You take a complex format string which was design to use the fewest characters instead of with clarity in mind, you then have every major application and library diverge on basic support and spec for features, and then you have all of them hack on support for UNICODE in their own unique way.

Regular Expressions likely won't ever die, but I for one would happily switch to an alternative with better readability, UNICODE support from day zero, and fewer niche features to keep things uniform. I'm tired of re-learning RegEx only to have everything I've learned either be forgot or not work the second I app switch.

OskarS · on March 16, 2018

That's an overstatement of the differences between various regex engines. They all follow the basic standards, with [] being character classes, () being submatches, * being "0 or more", + being "1 or more", etc.

The two main differences between various engines are which characters are "literal" and which characters are "magic" (Vim's engine is particularly annoying here), and how to write the "convenience character classes" (like what the shorthand for "alphanumeric character class" is). But these are minor issues, once you've learned how to write a regex, these are trivial to look up.

Knowledge of regular expressions transfer from one engine to another just fine.

thefifthsetpin · on March 16, 2018

I generally include either \v or \V in my vim regex, at which point I no longer have to think about which characters are magic. I suppose this means that I agree that vim's default is annoying here, but imho vim more than makes up for that by making magic configurable.

ken · on March 16, 2018

> They all follow the basic standards, with [] being character classes, () being submatches

You've already described a feature which has different syntax in one of the primary regex dialects I use (Emacs).

pygy_ · on March 17, 2018

That's the syntactic differences, but there are also semantic ones.

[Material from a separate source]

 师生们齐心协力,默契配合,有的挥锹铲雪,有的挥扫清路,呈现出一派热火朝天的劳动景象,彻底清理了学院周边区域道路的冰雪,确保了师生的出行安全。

Most notably, the choice operator can either be ordered like in PEGs (if the first branch matches, the other isn't evaluated) or pick the branch that produces the longest match, CFG-like.

kbenson · on March 16, 2018

For the most part, it's just a matter of knowing if you're using POSIX Basic Regular Expressions (BRE), POSIX Extended Regular Expressions (ERE), or Perl regular expressions.

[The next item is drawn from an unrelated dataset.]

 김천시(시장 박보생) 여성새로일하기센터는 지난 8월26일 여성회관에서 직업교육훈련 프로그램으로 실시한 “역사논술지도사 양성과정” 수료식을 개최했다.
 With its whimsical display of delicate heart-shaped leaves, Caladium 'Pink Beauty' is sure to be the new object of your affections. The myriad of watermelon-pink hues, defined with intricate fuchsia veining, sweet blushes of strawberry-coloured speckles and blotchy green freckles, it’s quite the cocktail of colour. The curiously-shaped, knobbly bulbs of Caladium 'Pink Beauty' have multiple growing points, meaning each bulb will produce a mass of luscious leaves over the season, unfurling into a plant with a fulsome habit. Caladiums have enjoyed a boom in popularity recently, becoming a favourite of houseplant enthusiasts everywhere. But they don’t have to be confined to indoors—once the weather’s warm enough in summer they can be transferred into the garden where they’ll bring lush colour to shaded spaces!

Learn those, or at least the main differences between them, and the vast majority of the regular expression engines in software you use will become more recognizable.

egeozcan · on March 16, 2018

You wouldn't be programming in Regex and for small things a google search for the platform quirks is usually faster than writing a parser, isn't it?

I'd agree with you if everything weren't so easy to look up.

amelius · on March 16, 2018

But don't forget to point at the limitations. For example, you can't use regexps to match an arbitrary but equal number of nested opening and closing parentheses.

lr4444lr · on March 16, 2018

I presume you're familiar with the infamous "can you parse HTML with regex"?

https://stackoverflow.com/questions/1732348/regex-match-open...

amelius · on March 16, 2018

Another potential problem with regexps is that the underlying finite state machine can grow exponentially in the size of the expression.

oftenwrong · on March 16, 2018

regex engines like PCRE can:

    ^(\((?1)?\))$

swiley · on March 16, 2018

If it can then it's not "regular expressions."

kbp · on March 16, 2018

But when most of the commonly used "regular expression" libraries aren't regular, I think if you really mean solving something with only regular expressions, you should probably specify that explicitly. The term's been corrupted enough that using it by itself to rule out things like backreferences isn't clear communication.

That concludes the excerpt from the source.